- WORK INSTRUCTION -
All entries are to be copied verbatim, while the pictures stay out.

- Collected data -
▶
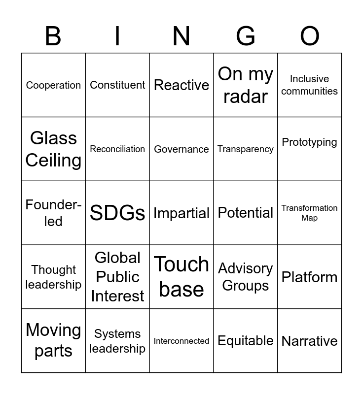 This bingo card has 120 words: Thinking outside of the box, Circle back, Seat at the table, Stakeholder, Socialize, Value add, On my radar, Manage expectations, Platform, Loop in, Cast a wider net, blockchain, Air traffic control, leverage, disconnect, Take offline, Touch base, Proactive, Bandwidth, innovative, Moving parts, Reactive, pain point, Fourth Industrial Revolution, pipeline, Thought leadership, Systems leadership, Solution-oriented, Changemaker, Sustainable, Equitable, SDGs, Governance, Leadership, Responsive, Initiatives, Coalitions, Curation, Mobilize, Cultivate, Public-Private Collaboration, Authenticity, Palenterie, Dynamic, Engagement, Community Manager, PEM, Potential, Expertise, Impact Investing, Scalable, Impact-Oriented, Advisory Groups, Monopolize, Galvanize, Pivotal, Human-centered, Sessions, Strawdog, Constituent, Resiliency, Amplify, Discourse, Low hanging fruit, High Bar, Glass Ceiling, Shaping the Agenda, Narrative, Key Issues, Create Value, Founder-led, Social Gastronomy, Social Entrepreneur, Political Entrepreneurship, Intersection, Agile, Transparency, Comprehensive, Impartial, Global Public Interest, Cooperation, Collaboration, Global Challenges, Uniquely Positioned, Champion, Integration, Interconnected, Compliance, Complex Challenges, Partner Engagement, Global Future Council, Transformation Map, Driving Dialogue, Solution Building, Policy-making, A tipping point, Grassroots movement, Inclusive communities, Pluralism, Global Footprint, Resource Management, Network, Hubs, White Badge, Blue Badge, Reconciliation, Magic Mountain, Public Engagement, Deep dive, CRM, Circle up, Design thinking, Cohort, Managing Board, Prototyping, Post Financial Crisis- World, Responsible Capitalism, Community of Chairpersons, Family Business Community and Session Responsible.
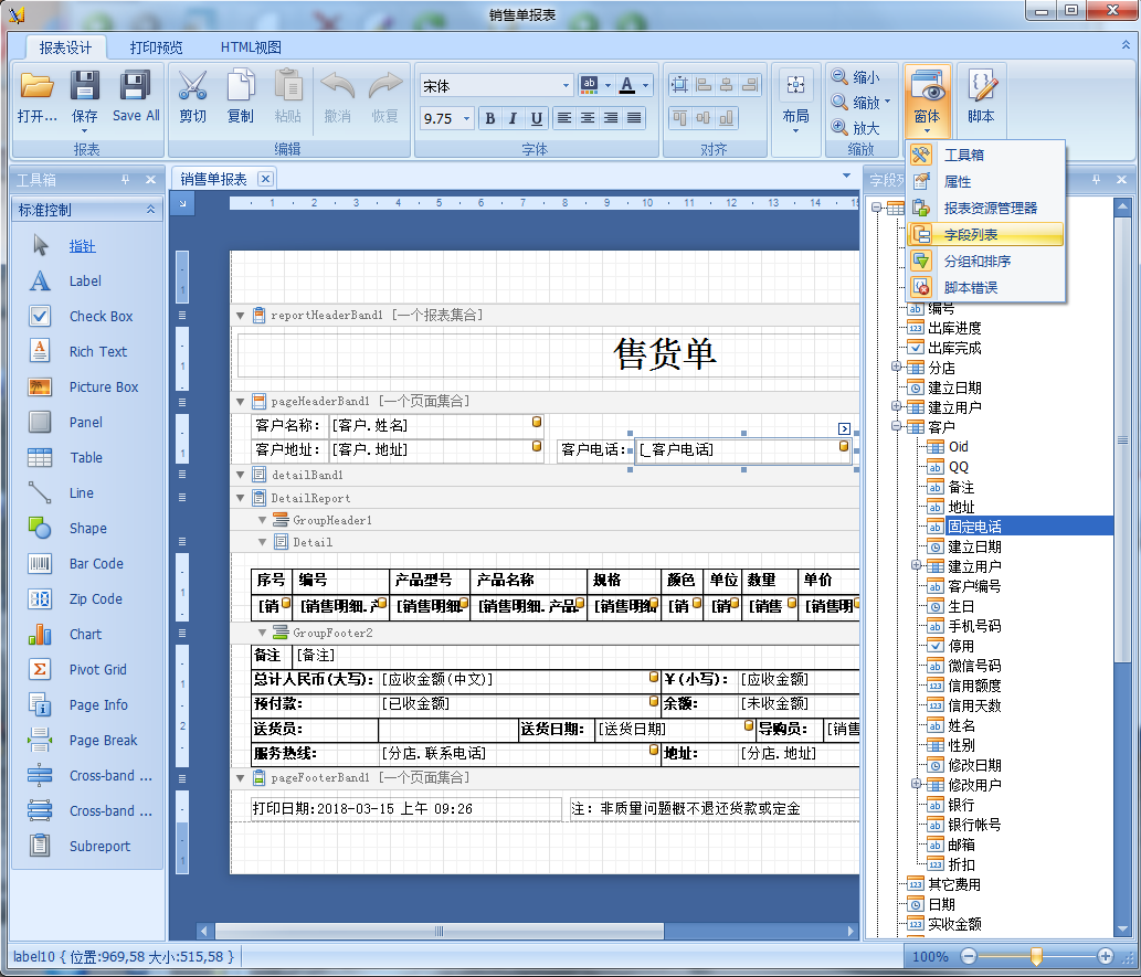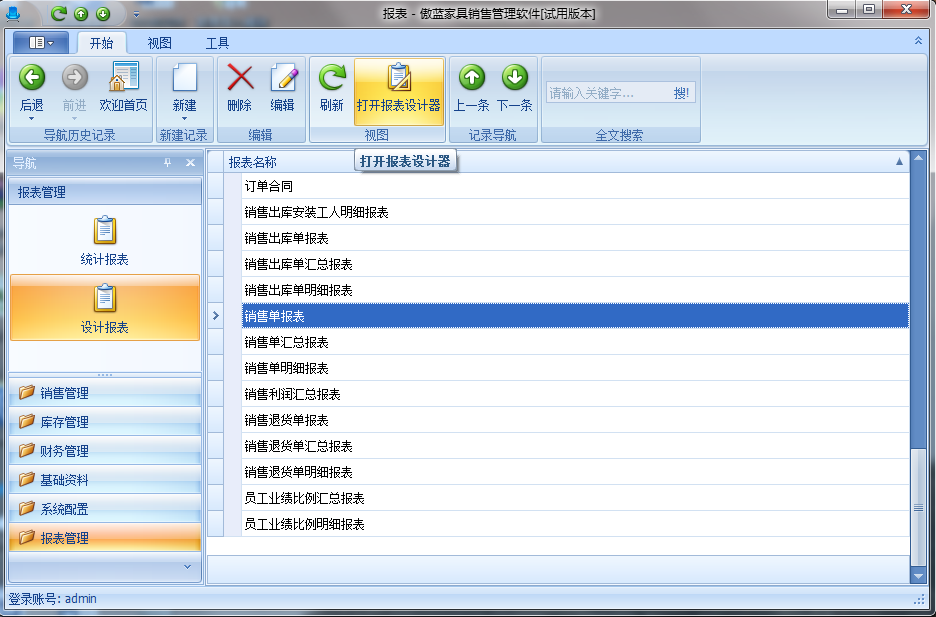 傲藍(lán)家具銷售管理軟件具備報(bào)表設(shè)計(jì)功能,給門店提供自定義的銷售單據(jù)、報(bào)表設(shè)計(jì)需求,根據(jù)店鋪的需求可以自定義添加或減少字段,實(shí)現(xiàn)在單據(jù)上呈現(xiàn)個性化需求的內(nèi)容信息,滿足各個不同家具門店的銷售單設(shè)計(jì)需求。
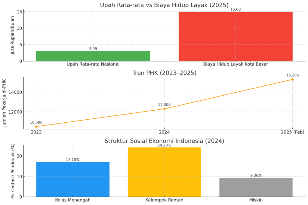Tekanan ekonomi diperparah oleh gelombang Pemutusan Hubungan Kerja (PHK). Pada Februari 2025, PHK tercatat 15.285 pekerja, tertinggi dalam dua tahun terakhir.
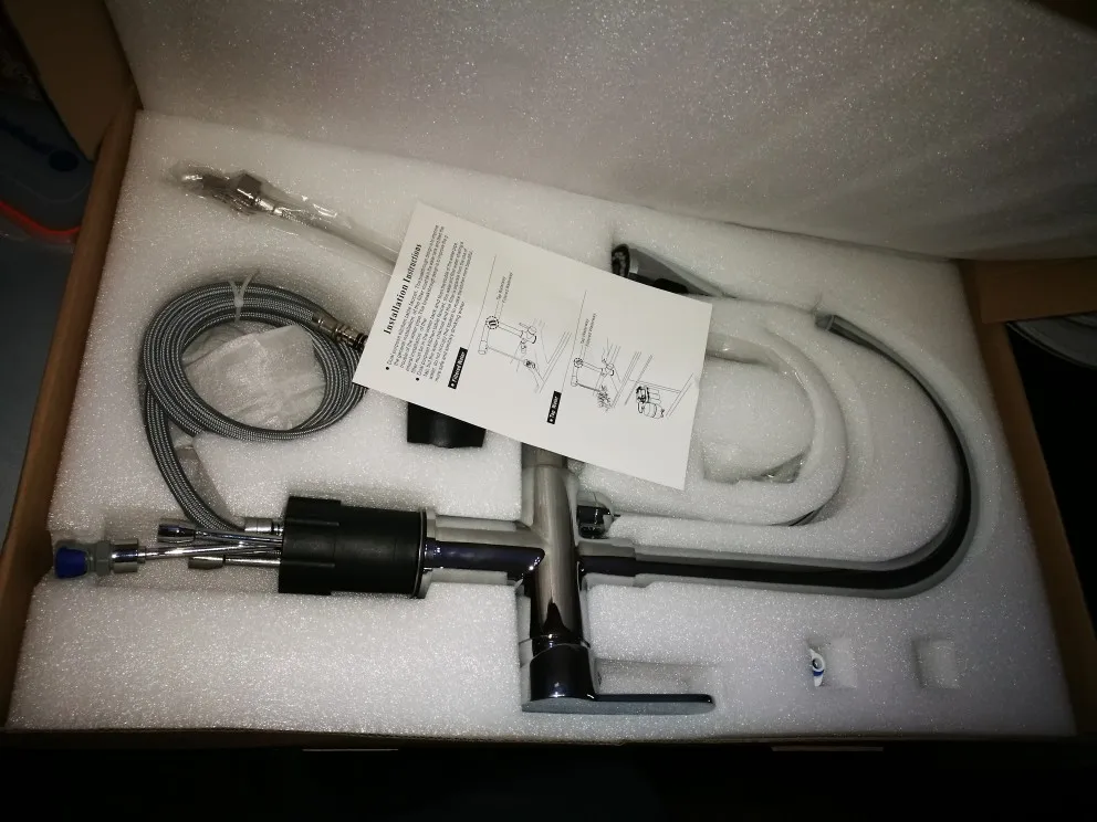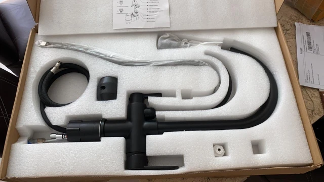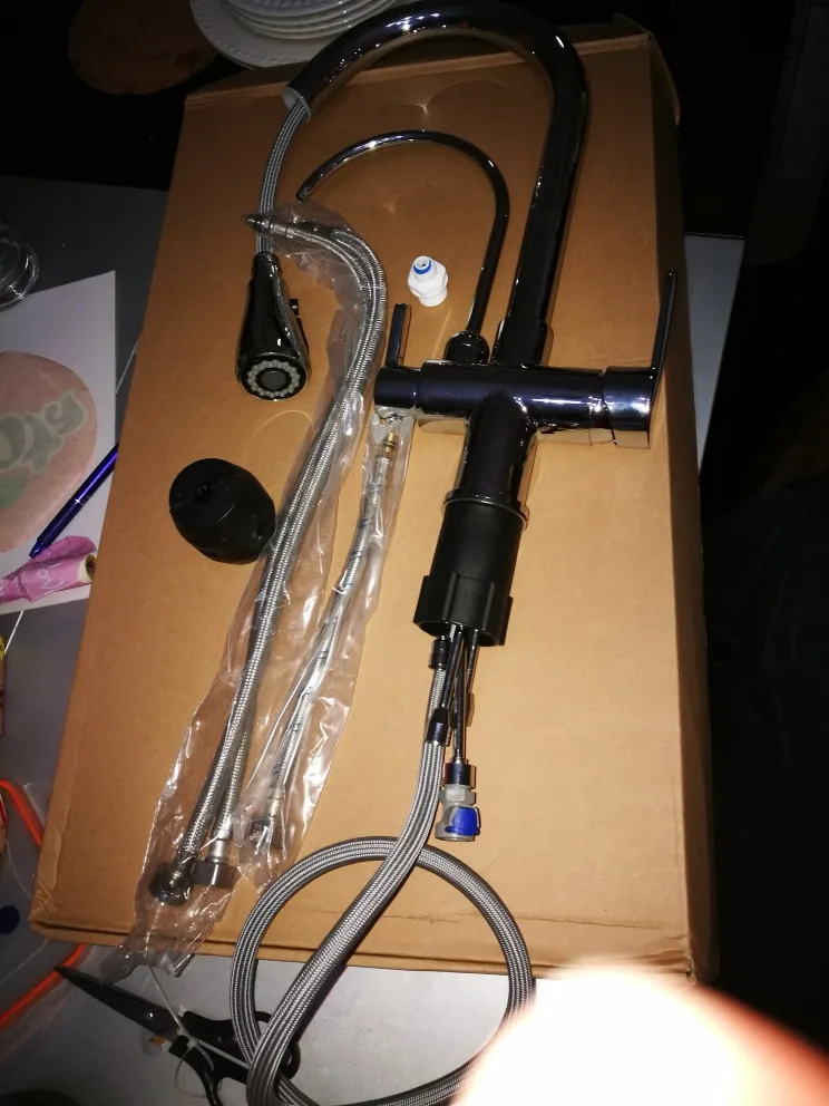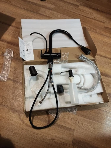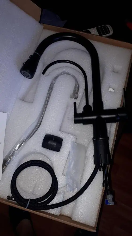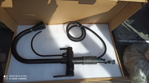 The crane is cool, black, beautiful, large, heavy. Real 🙂 but there are 2 nuances, the dispute did not open. 1! One eyeliner did not have a thread, I had to buy another. 2. slightly dig the Filter Faucet, but very little. In principle, it does not bother, I just know about it x) in general I recommend, in the store I did not see such, but such expensive.
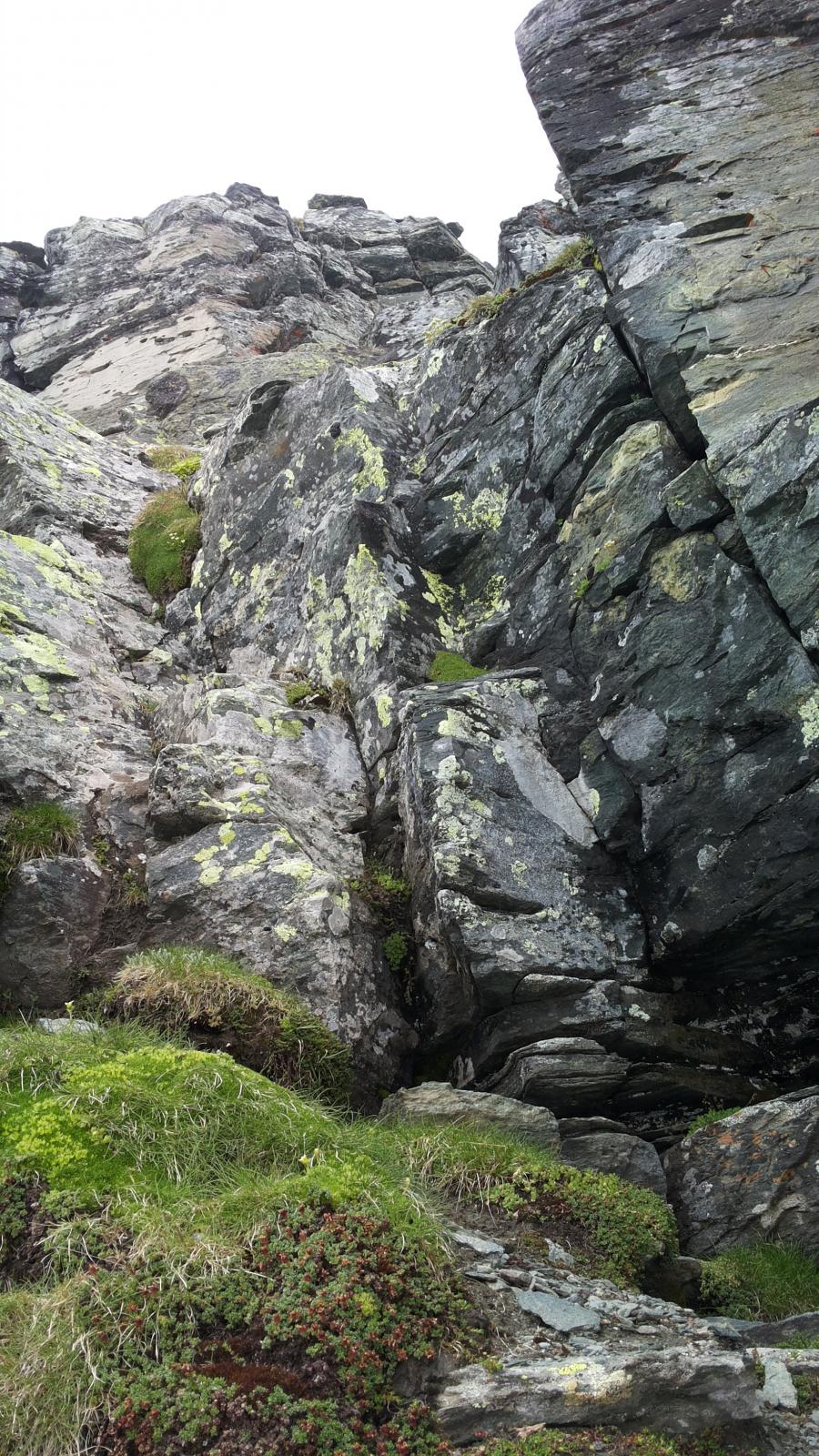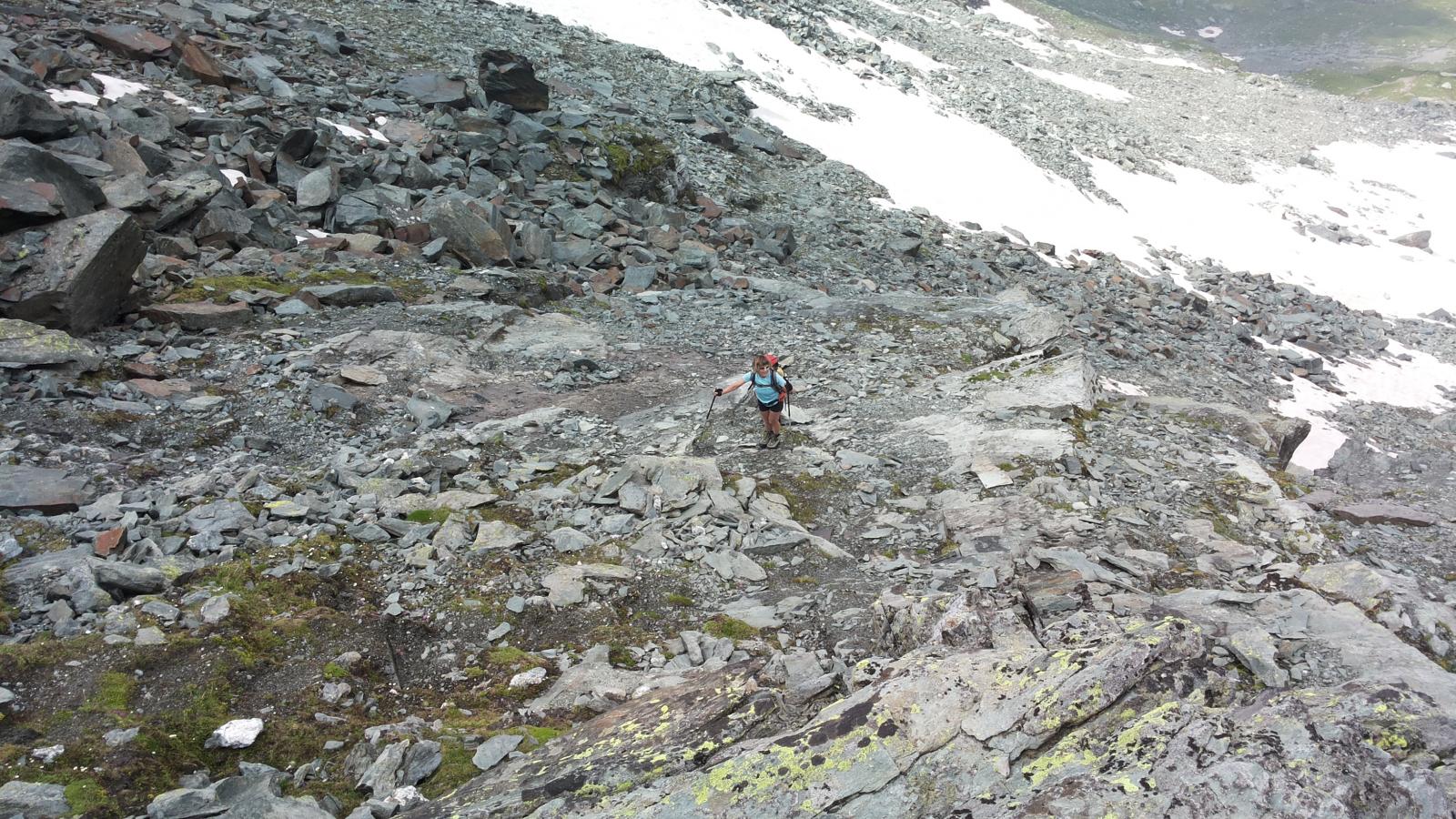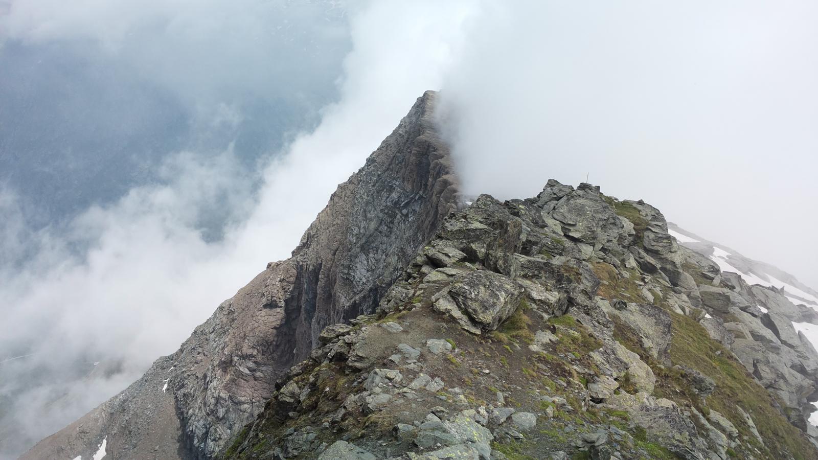 Partendo da Ostafa (secondo tratto di cabinovia da Champoluc), si percorre inizialmente il sentiero n 12 (direzione Colle Pinter e Testa Grigia), facendo attenzione, dopo circa 600 metri, in corrispondenza di alcuni roccioni (possibili tubi scoperti dell’acqua), alla deviazione verso monte, con indicazione semicancellata (forse volutamente) del segnavia 11 (o 11A). Nei primi metri il sentiero è tracciato, ma presto si perde e si deve continuare a salire piegando verso est, fino a raggiungere l’ampia conca di un riale, che consente di individuare con maggior consapevolezza la direzione di salita, che resta comunque orientativa, lungo i ripidi pendii erbosi o detritici che fiancheggiano il riale (o la sua traccia), al centro del vallone su cui incombono il Testa Grigia (a destra) ed il Bec Forcu (a sinistra). Verso quota 2700 m circa si supera un salto roccioso, da affrontare preferibilmente tenendosi sui ripidi prati a destra del canale detritico (sinistra idrografica). Al di sopra, dopo un breve tratto di minor pendenza, inizia il tratto più delicato, in cui si deve individuare la posizione della sella, alla sinistra di due gendarmi (corni rocciosi) posti alla fine della linea di cresta del Testa Grigia, anche se è possibile incontrare qualche traccia ed eventuali ometti sul percorso. Il percorso migliore piega tendenzialmente a sinistra (direzione NNE), attraversando sfasciumi, piccole pietraie e possibili nevai fino a metà estate. Superato il colletto a quota m 3010 circa si passa nel versante di Gressoney. È preferibile piegare immediatamente a sinistra (mantenendo la direzione NNE) per evitare di perdere eccessiva quota, abbassandosi di non più di 40 m, attraversando l’ampio e facile pianoro mantenendo il più possibile la quota, ai piedi delle frastagliate creste del Rothorn, fino ad intercettare il segnavia n. 10 (bollini numerosi e ben visibili) che sale da Gressoney (un Km dal colletto). Si raggiunge la base della cresta est del Rothorn (alla stessa quota della sella 3010), dove, appena prima dell’ampio colle fra i due Rothorn, conviene abbandonare il sentiero 10 (che in pochi minuti conduce al Blach o Piccolo Rothorn) e salire prima la più impegnativa cresta del Grande Rothorn, procedendo inizialmente in direzione nordovest su tenui tracce di sentiero e quindi più marcatamente a sinistra (ovest) in direzione della vetta ormai ben visibile. A circa 50 m di quota sotto la vetta (m 3100) bisogna individuare il passaggio migliore all’interno di un breve canalino. Il passaggio richiede qualche passo (poco più di dieci metri) di arrampicata facile e non esposta (1° grado), ma va correttamente individuato per evitare difficoltà maggiori. Infine con un ultimo breve tratto di cresta rocciosa si raggiunge l’ometto della vetta a quota 3152. Al rientro conviene dedicare pochi minuti in più per raggiungere anche la facile e caratteristica cima a cresta piatta del Piccolo Rothorn (marcatura m 3025). Il ritorno avviene lungo lo stesso percorso dell’andata.
◀
- OUTPUT FOR THIS TASK -
 This bingo card has 120 words: Thinking outside of the box, Circle back, Seat at the table, Stakeholder, Socialize, Value add, On my radar, Manage expectations, Platform, Loop in, Cast a wider net, blockchain, Air traffic control, leverage, disconnect, Take offline, Touch base, Proactive, Bandwidth, innovative, Moving parts, Reactive, pain point, Fourth Industrial Revolution, pipeline, Thought leadership, Systems leadership, Solution-oriented, Changemaker, Sustainable, Equitable, SDGs, Governance, Leadership, Responsive, Initiatives, Coalitions, Curation, Mobilize, Cultivate, Public-Private Collaboration, Authenticity, Palenterie, Dynamic, Engagement, Community Manager, PEM, Potential, Expertise, Impact Investing, Scalable, Impact-Oriented, Advisory Groups, Monopolize, Galvanize, Pivotal, Human-centered, Sessions, Strawdog, Constituent, Resiliency, Amplify, Discourse, Low hanging fruit, High Bar, Glass Ceiling, Shaping the Agenda, Narrative, Key Issues, Create Value, Founder-led, Social Gastronomy, Social Entrepreneur, Political Entrepreneurship, Intersection, Agile, Transparency, Comprehensive, Impartial, Global Public Interest, Cooperation, Collaboration, Global Challenges, Uniquely Positioned, Champion, Integration, Interconnected, Compliance, Complex Challenges, Partner Engagement, Global Future Council, Transformation Map, Driving Dialogue, Solution Building, Policy-making, A tipping point, Grassroots movement, Inclusive communities, Pluralism, Global Footprint, Resource Management, Network, Hubs, White Badge, Blue Badge, Reconciliation, Magic Mountain, Public Engagement, Deep dive, CRM, Circle up, Design thinking, Cohort, Managing Board, Prototyping, Post Financial Crisis- World, Responsible Capitalism, Community of Chairpersons, Family Business Community and Session Responsible.
 傲藍(lán)家具銷售管理軟件具備報(bào)表設(shè)計(jì)功能,給門店提供自定義的銷售單據(jù)、報(bào)表設(shè)計(jì)需求,根據(jù)店鋪的需求可以自定義添加或減少字段,實(shí)現(xiàn)在單據(jù)上呈現(xiàn)個性化需求的內(nèi)容信息,滿足各個不同家具門店的銷售單設(shè)計(jì)需求。
Tekanan ekonomi diperparah oleh gelombang Pemutusan Hubungan Kerja (PHK). Pada Februari 2025, PHK tercatat 15.285 pekerja, tertinggi dalam dua tahun terakhir.
 The crane is cool, black, beautiful, large, heavy. Real 🙂 but there are 2 nuances, the dispute did not open. 1! One eyeliner did not have a thread, I had to buy another. 2. slightly dig the Filter Faucet, but very little. In principle, it does not bother, I just know about it x) in general I recommend, in the store I did not see such, but such expensive.
 Partendo da Ostafa (secondo tratto di cabinovia da Champoluc), si percorre inizialmente il sentiero n 12 (direzione Colle Pinter e Testa Grigia), facendo attenzione, dopo circa 600 metri, in corrispondenza di alcuni roccioni (possibili tubi scoperti dell’acqua), alla deviazione verso monte, con indicazione semicancellata (forse volutamente) del segnavia 11 (o 11A). Nei primi metri il sentiero è tracciato, ma presto si perde e si deve continuare a salire piegando verso est, fino a raggiungere l’ampia conca di un riale, che consente di individuare con maggior consapevolezza la direzione di salita, che resta comunque orientativa, lungo i ripidi pendii erbosi o detritici che fiancheggiano il riale (o la sua traccia), al centro del vallone su cui incombono il Testa Grigia (a destra) ed il Bec Forcu (a sinistra). Verso quota 2700 m circa si supera un salto roccioso, da affrontare preferibilmente tenendosi sui ripidi prati a destra del canale detritico (sinistra idrografica). Al di sopra, dopo un breve tratto di minor pendenza, inizia il tratto più delicato, in cui si deve individuare la posizione della sella, alla sinistra di due gendarmi (corni rocciosi) posti alla fine della linea di cresta del Testa Grigia, anche se è possibile incontrare qualche traccia ed eventuali ometti sul percorso. Il percorso migliore piega tendenzialmente a sinistra (direzione NNE), attraversando sfasciumi, piccole pietraie e possibili nevai fino a metà estate. Superato il colletto a quota m 3010 circa si passa nel versante di Gressoney. È preferibile piegare immediatamente a sinistra (mantenendo la direzione NNE) per evitare di perdere eccessiva quota, abbassandosi di non più di 40 m, attraversando l’ampio e facile pianoro mantenendo il più possibile la quota, ai piedi delle frastagliate creste del Rothorn, fino ad intercettare il segnavia n. 10 (bollini numerosi e ben visibili) che sale da Gressoney (un Km dal colletto). Si raggiunge la base della cresta est del Rothorn (alla stessa quota della sella 3010), dove, appena prima dell’ampio colle fra i due Rothorn, conviene abbandonare il sentiero 10 (che in pochi minuti conduce al Blach o Piccolo Rothorn) e salire prima la più impegnativa cresta del Grande Rothorn, procedendo inizialmente in direzione nordovest su tenui tracce di sentiero e quindi più marcatamente a sinistra (ovest) in direzione della vetta ormai ben visibile. A circa 50 m di quota sotto la vetta (m 3100) bisogna individuare il passaggio migliore all’interno di un breve canalino. Il passaggio richiede qualche passo (poco più di dieci metri) di arrampicata facile e non esposta (1° grado), ma va correttamente individuato per evitare difficoltà maggiori. Infine con un ultimo breve tratto di cresta rocciosa si raggiunge l’ometto della vetta a quota 3152. Al rientro conviene dedicare pochi minuti in più per raggiungere anche la facile e caratteristica cima a cresta piatta del Piccolo Rothorn (marcatura m 3025). Il ritorno avviene lungo lo stesso percorso dell’andata.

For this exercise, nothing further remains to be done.